過去作品のオムニバス盤をアメリカで出す時、担当の写真家が怪異な案を考えました。メンバー四人が精肉店の白い服を着て、生の肉片を手にしたり体に乗せ、首が取れた赤ちゃんの人形も持っているジャケット写真です。気味が悪くて、アメリカ側バイヤーが苦情を言いました。

この写真に対するメンバーの当時の反応が、世間でイメージされてきた芸術度とおよそ一致するわかりやすさです。
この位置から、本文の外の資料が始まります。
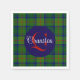 servilletas de papel, con el colorido patrón de lona tartán Cranstoun / Cranston del clan escocés. Un disco redondo azul, en el centro, tiene un monograma de una sola letra hecho en rojo, y el nombre del señor hecho en blanco, y están listos para personalizar. Genial para cualquier reunión.
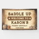 ¡Desata el espíritu del salvaje oeste con nuestro singular y cautivador cartel de cumpleaños occidental de Cowboy! Diseñado con la temática exuberante de la frontera inamovible, este banner de bienvenida invita a los invitados a "Ensillar y divertirse" mientras se unen a ustedes para una celebración de cumpleaños como ningún otro.
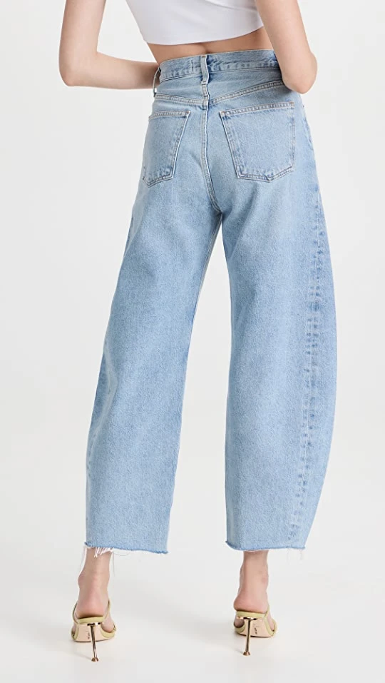 A uniquely shaped wide leg draws the eye to these AGOLDE jeans, which gain a touch of timeless style from a faded, light-blue wash and frayed cuffs.
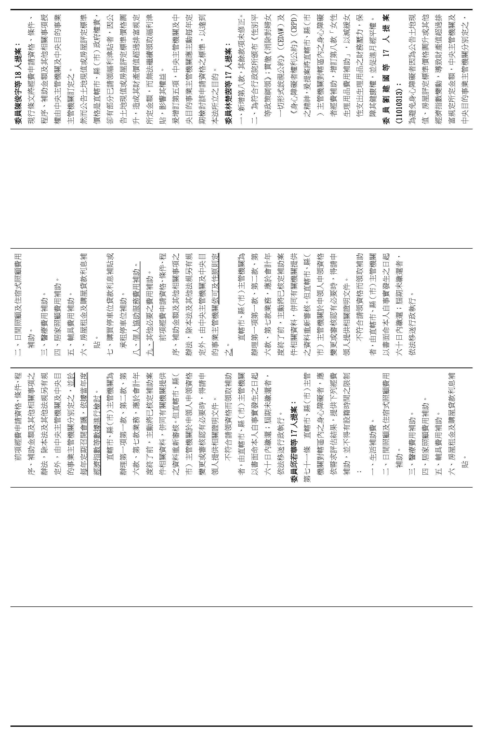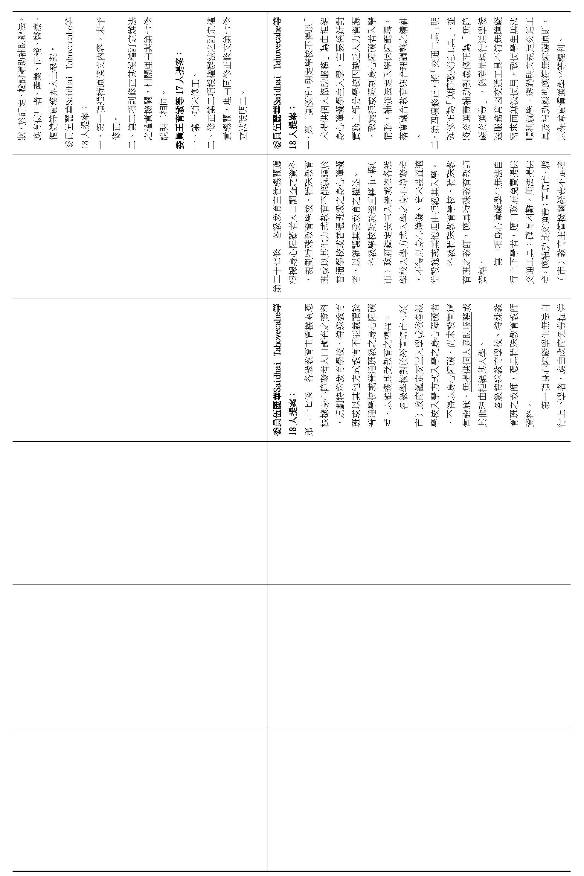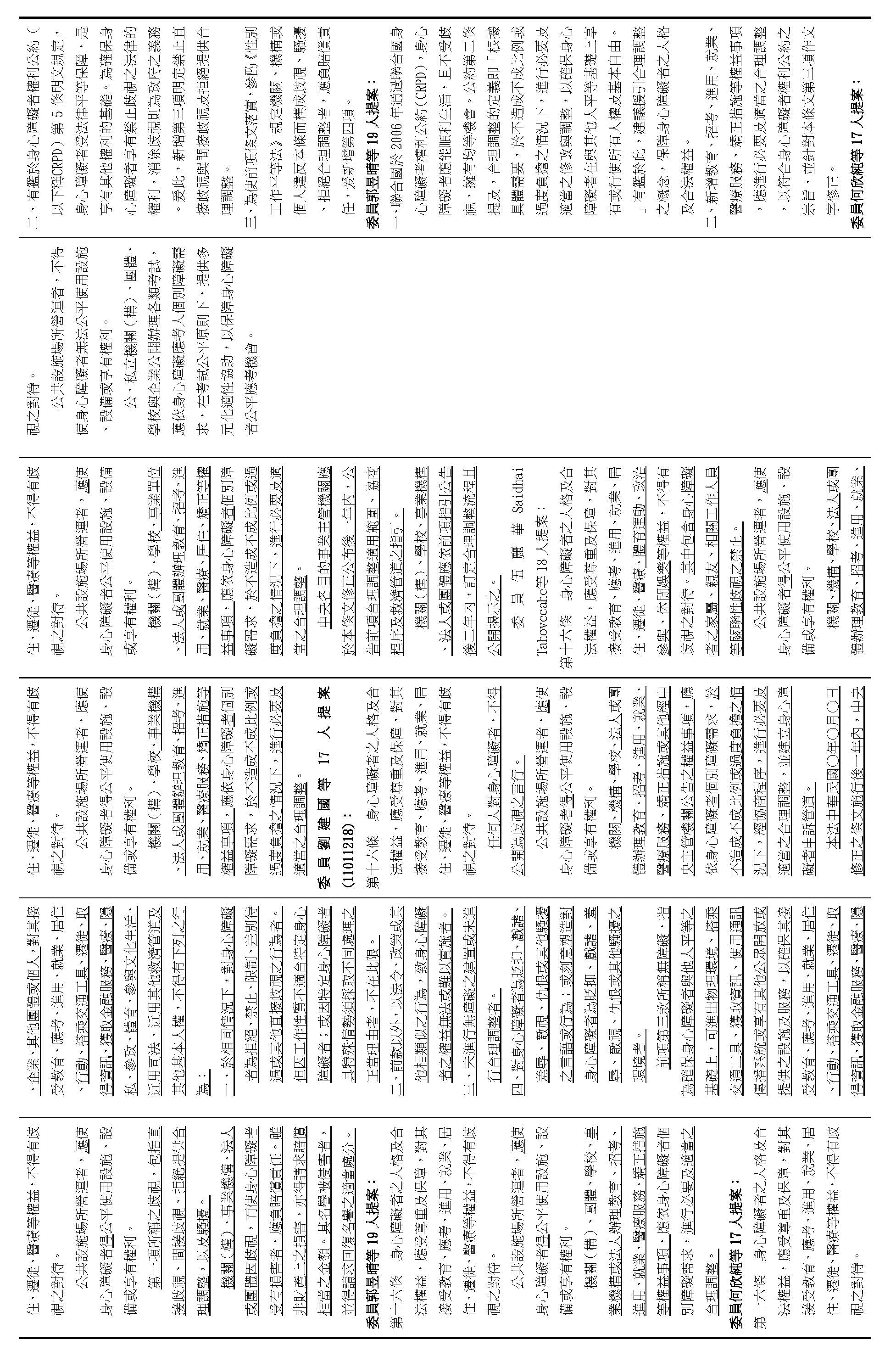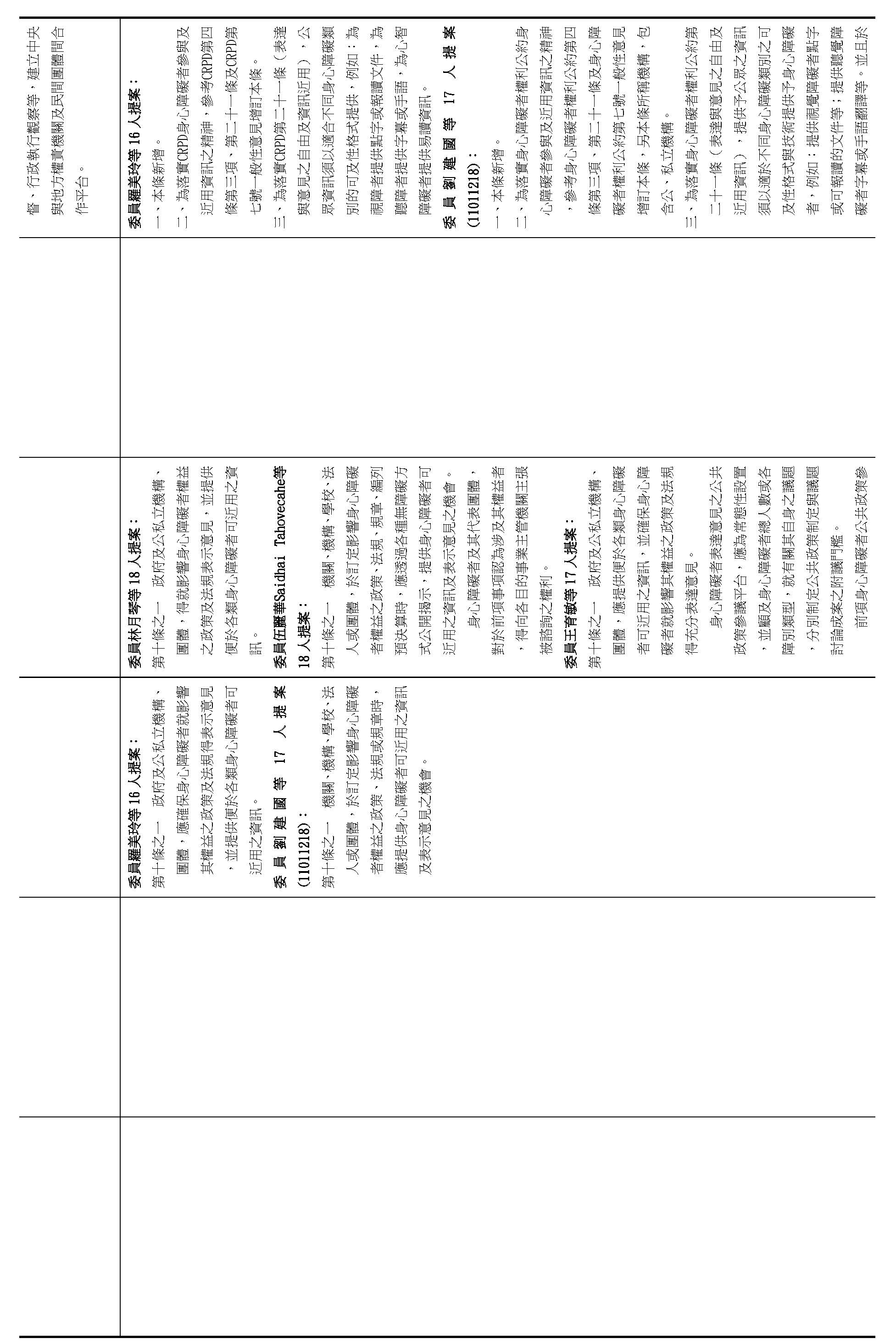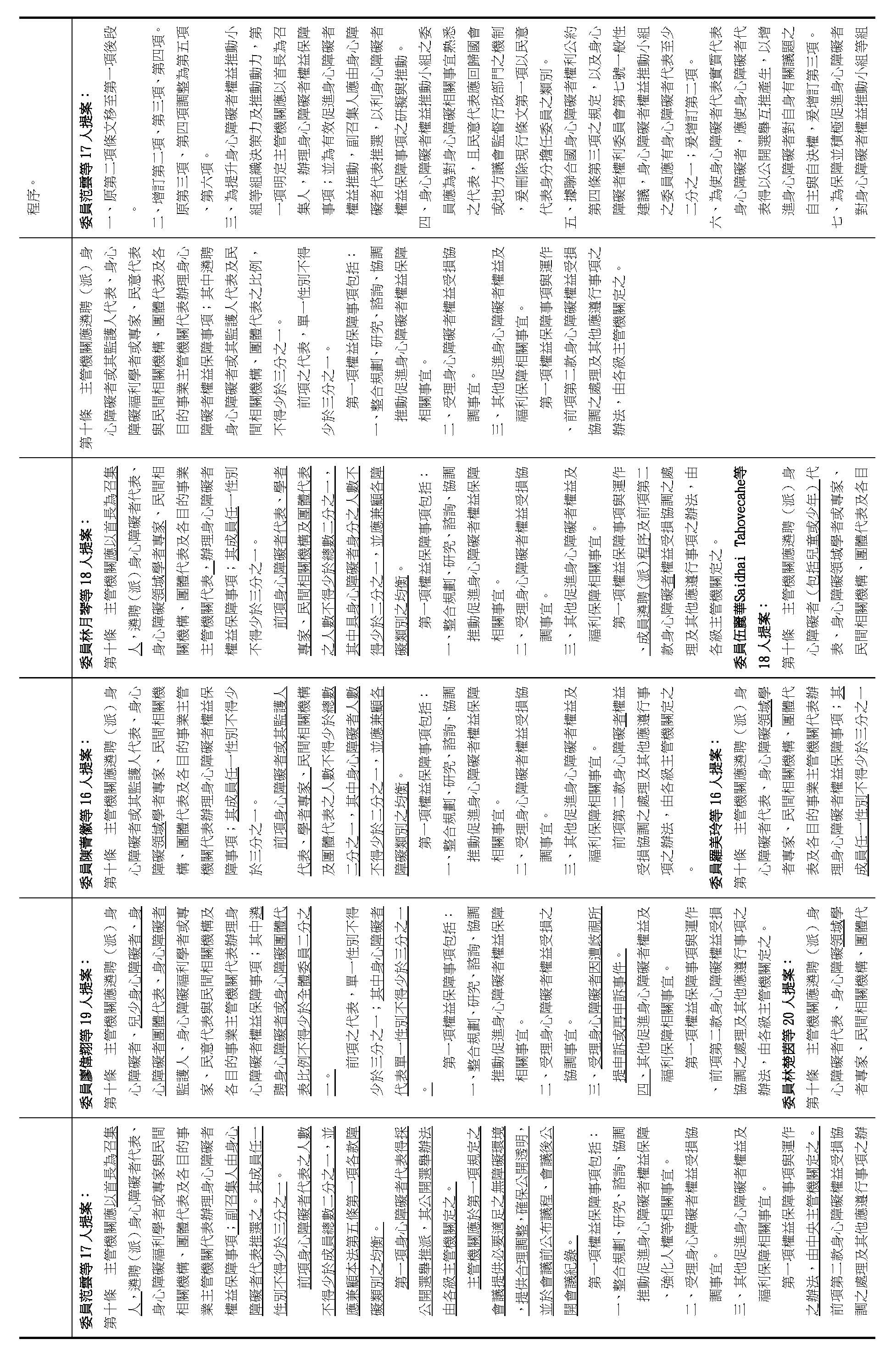 至於有關委員提案的版本,以下謹就共通性的意見做簡要的說明。首先是有關林月琴委員等18人、伍麗華Saidhai Tahovecahe委員等18人、王育敏委員等17人以及台灣民眾黨黨團提案,增訂身心障礙者代表組成比例與受理申訴案件部分。為了支持身心障礙者能夠積極的參與各項決策過程,本部支持提高參與各項身障者委員會的人數比例,至於對於受損協調機制的部分,可以透過行政調查及裁處,本部認為無須再訂定申訴制度。

ジョン・レノンとポール・マッカートニーはおもしろがって乗り気でした。ジョージ・ハリスンは不本意ながら写り、リンゴ・スターも賛成していません。四人の表情がそのままを物語ります。

マネージャーのブライアン・エプスタインも驚いて止めようとし、結局直前に差し替えとなり回収されました。が一部が流出し、また上から紙を貼った修正製品も、購入者が紙をはがして今や高額です。日本でもマニアが持っています。

写真家の意図はベトナム反戦とされます。想像ですが、ソ連率いる北ベトナムと戦う米兵は、村民に化けたゲリラにやられたので、全てを敵とみなし村々を焼き払いながら進軍しました。赤ちゃんは撃たれずに獣の餌食になったという、当時の報道が参考だったと思われます。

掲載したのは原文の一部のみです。